[WHAT THIS TASK INVOLVES]:
Repeat the entries exactly, and do not carry the pictures over.
ENTRIES SUPPLIED: Begin
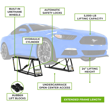 With a 7,000 lb. lifting capacity, it offers clear undercar access without the need for a permanent installation. Whether you’re performing oil changes, transmission work, or general vehicle maintenance, the MaxJax M7K provides a convenient, space-saving solution.
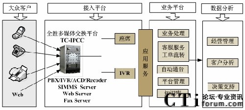 杭州全勝通訊有限公司自主研發(fā)的全勝多媒體IP呼叫中心平臺(tái)(TC-IPCC),是基于交換機(jī)級(jí)別的純IPCC平臺(tái)。該平臺(tái)集CTI、IVR、FAX、SMS、Email、錄音監(jiān)控、電話會(huì)議、統(tǒng)一智能路由、呼出管理等功能于一體,可用于構(gòu)建各類聯(lián)絡(luò)中心、自動(dòng)語音系統(tǒng)、熱線電話、會(huì)議電話、電話銷售等系統(tǒng),輕松滿足各行業(yè)客戶、合作伙伴個(gè)性化建設(shè)需求。
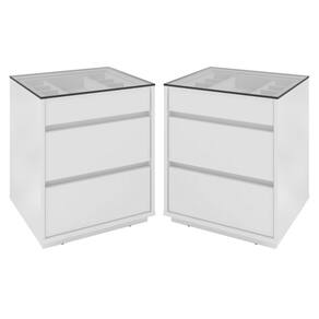 Feitos em MDP 25/15mm. Possui 3 gavetas com corrediças telescópicas possibilitando a abertura total da gaveta com deslizamento suave preciso e resistente e tampo feito de vidro.
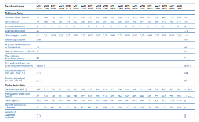 德國NOVOTECHNIK位移傳感器LWH-0050產(chǎn)品技術參數(shù):
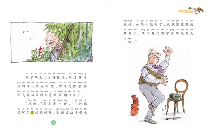 《罗尔德•达尔作品典藏(彩图拼音版)》是一套专门针对5-8岁孩子推出的拼音版读物,首批推出《了不起的狐狸爸爸》《蠢特夫妇》《小乔治的神奇魔药》《魔法手指》《小乌龟是怎样变大的》五种。达尔的作品深受全世界孩子们的喜欢,在中国销售超过2000万册。“彩图拼音版”故事构思奇特,情节紧凑,结局出人意料,其魔力穿越语言和国界;内文加注拼音,为孩子扫清阅读障碍;彩图由世界插画大师昆汀·布莱克绘制,四色彩图印刷,制作精良,更符合5-8岁孩子的认知和审美。这套书适合小学低年级孩子阅读,是让孩子喜欢书籍、爱上阅读的优质童年读物。 孤独的霍皮先生有两个心头之爱:一个是他种在阳台上的花,一个是住在楼下的寡妇西尓弗太太。可西尓弗太太眼里只有她那只小乌龟阿尔菲,这让霍皮先生有点难办。后来,霍皮先生想出了一个无与伦比的计划——把阿尔菲“养”得更强更大。于是,一切都随之发生了改变……故事诙谐幽默,情节引人入胜,语言通俗易懂,展示了达尔优秀的文学想象力,能够让小读者获得精彩的阅读体验。
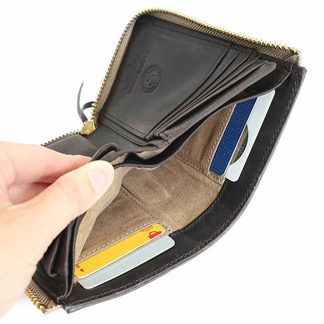 ファスナーを開けるとカードポケットが5ヶ所、フリーポケットが3ヶ所あります。
ENTRIES SUPPLIED: End
[OUTPUT OF THE TASK]:
 With a 7,000 lb. lifting capacity, it offers clear undercar access without the need for a permanent installation. Whether you’re performing oil changes, transmission work, or general vehicle maintenance, the MaxJax M7K provides a convenient, space-saving solution.
 杭州全勝通訊有限公司自主研發(fā)的全勝多媒體IP呼叫中心平臺(tái)(TC-IPCC),是基于交換機(jī)級(jí)別的純IPCC平臺(tái)。該平臺(tái)集CTI、IVR、FAX、SMS、Email、錄音監(jiān)控、電話會(huì)議、統(tǒng)一智能路由、呼出管理等功能于一體,可用于構(gòu)建各類聯(lián)絡(luò)中心、自動(dòng)語音系統(tǒng)、熱線電話、會(huì)議電話、電話銷售等系統(tǒng),輕松滿足各行業(yè)客戶、合作伙伴個(gè)性化建設(shè)需求。
 Feitos em MDP 25/15mm. Possui 3 gavetas com corrediças telescópicas possibilitando a abertura total da gaveta com deslizamento suave preciso e resistente e tampo feito de vidro.
 德國NOVOTECHNIK位移傳感器LWH-0050產(chǎn)品技術參數(shù):
 《罗尔德•达尔作品典藏(彩图拼音版)》是一套专门针对5-8岁孩子推出的拼音版读物,首批推出《了不起的狐狸爸爸》《蠢特夫妇》《小乔治的神奇魔药》《魔法手指》《小乌龟是怎样变大的》五种。达尔的作品深受全世界孩子们的喜欢,在中国销售超过2000万册。“彩图拼音版”故事构思奇特,情节紧凑,结局出人意料,其魔力穿越语言和国界;内文加注拼音,为孩子扫清阅读障碍;彩图由世界插画大师昆汀·布莱克绘制,四色彩图印刷,制作精良,更符合5-8岁孩子的认知和审美。这套书适合小学低年级孩子阅读,是让孩子喜欢书籍、爱上阅读的优质童年读物。 孤独的霍皮先生有两个心头之爱:一个是他种在阳台上的花,一个是住在楼下的寡妇西尓弗太太。可西尓弗太太眼里只有她那只小乌龟阿尔菲,这让霍皮先生有点难办。后来,霍皮先生想出了一个无与伦比的计划——把阿尔菲“养”得更强更大。于是,一切都随之发生了改变……故事诙谐幽默,情节引人入胜,语言通俗易懂,展示了达尔优秀的文学想象力,能够让小读者获得精彩的阅读体验。
 ファスナーを開けるとカードポケットが5ヶ所、フリーポケットが3ヶ所あります。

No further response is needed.